Recognizing this trend, Omidyar Network partnered with the MIT Governance Lab (MIT GOV/LAB) last year on a collaborative research project to understand how ICT interventions can bridge the gap between citizens and government.  Our premise:  The fact that civic tech platforms provide new and easier ways for citizens to voice their concerns to government does not necessarily mean that citizens will actually take advantage of them.

The on-going collaboration involves five research projects with practitioners in five different countries—the US, Guatemala, Kenya, Uruguay, and Liberia. Each project starts with researchers and practitioners working together to identify research questions that provide operationally useful information to the practitioner, as well as knowledge that can be used by a broader community. MIT GOV/LAB then designs a series of relatively short, small-scale experiments and matched case comparisons, often in conjunction with qualitative process tracing. Each iteration builds on the findings from previous rounds of research and aims to test which operational and design choices are most effective in improving citizen engagement and government responsiveness.

Early results suggest that civic tech organizations do well designing platforms that are easy to use and accessible to citizens in a variety of contexts such as urban and  rural settings.

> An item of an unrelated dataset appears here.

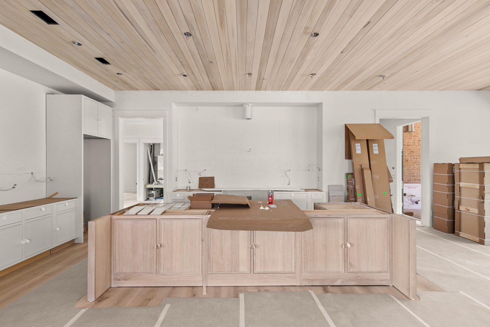 The kitchen is centrally positioned between the living and dining areas, anchored by a large island and supported by a walk-in pantry and separate butler's pantry with wet bar. Integrated cabinetry conceals a full appliance suite including a dual fuel range, multiple refrigeration units, and additional beverage and ice storage.

However, uptake of parliamentary monitoring and service delivery platforms by citizens remains low, especially among marginalized and under-resourced groups.

The findings also suggest something more problematic: Increased volume of citizen feedback through ICT channels does not necessarily translate into improved government response.  In other words, more input is not resulting in better outcomes.

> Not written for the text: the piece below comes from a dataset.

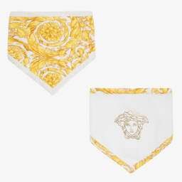 Adorable babygrow and hat gift set for boys by Versace, made in luxury soft ivory cotton jersey. In a soft pastel blue colour palette, the all-over Versace Storybook print is depicting a once upon a time fairytale village with sleepy dragons and cute Medusa clouds. The hat has a turn-up brim and lining in La Greca Signature print to match the accent collar on the popper fastening babygrow. Ideal for gifting, the set is presented in a branded box.

The problem may rest with the thoroughness of citizen feedback received by government through the ICT channels.  Government officials often are already aware and understand the issues or desires expressed by citizens; however, this “thin” citizen feedback is not actionable.  For example, research conducted on a deployment of Ushahidi by the Guatemalan health NGO CEGSS (Centro de Estudios para la Equidad y Gobernanza en los Sistemas de Salud) health officials showed that they often already had the information that citizen users were providing through the SMS-based complaint platform. Before they could take action, what officials really needed was “thicker” information about the context and conditions of the problem.

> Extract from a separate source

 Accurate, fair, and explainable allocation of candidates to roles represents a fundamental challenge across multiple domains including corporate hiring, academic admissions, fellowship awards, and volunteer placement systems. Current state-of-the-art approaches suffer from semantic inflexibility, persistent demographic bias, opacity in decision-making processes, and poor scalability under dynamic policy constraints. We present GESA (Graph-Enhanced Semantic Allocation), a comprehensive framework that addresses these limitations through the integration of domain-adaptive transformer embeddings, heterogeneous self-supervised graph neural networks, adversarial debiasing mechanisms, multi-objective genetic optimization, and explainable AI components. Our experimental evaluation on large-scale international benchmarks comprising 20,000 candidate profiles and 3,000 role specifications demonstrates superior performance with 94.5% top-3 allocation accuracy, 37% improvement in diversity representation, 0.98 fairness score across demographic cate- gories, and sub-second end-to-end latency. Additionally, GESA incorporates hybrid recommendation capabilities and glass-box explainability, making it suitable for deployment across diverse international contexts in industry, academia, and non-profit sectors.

The findings suggest a need for greater understanding of government as a customer in need of the right tools. We have found that often platforms don’t take into account how government officials and decision-makers perceive, use, and respond to these technologies as tools to help them not just identify problems, but to assist in solving them as well.

How do governments use the feedback they receive? What information do they want, but don’t currently get? Why don’t they act on the information they already receive? What format do they find the most useful? And, what types of officials are the most likely to use what types of ICT technologies? These are some questions that organizations need to address further.

Recognizing these implications, organizations may also want to think about developing and testing civic technologies – something akin to customer feedback systems – that help government officials respond more effectively to citizen feedback. Also, in addition to partnering with other players in the ecosystem such as civil society groups and telcos, organizations may need to partner with local governments to provide incentives for citizens from rural and marginalized groups to participate in the decision-making process. Critical mass around the adoption of these platforms will help create opportunities for innovation. This includes the development of new technologies that organize and prioritize a greater volume of feedback, as well as platforms that allow governments to monitor the quality of feedback to maximize constructive engagement.

Insights into the answers of some of these questions will be addressed in phase two of our research collaboration. This phase will test whether different iterations (modifications to the platforms) can help increase citizen engagement. In these situations, it will also explore alternate mechanisms to drive government responsiveness while suggesting ways for organizations to work more effectively with governments.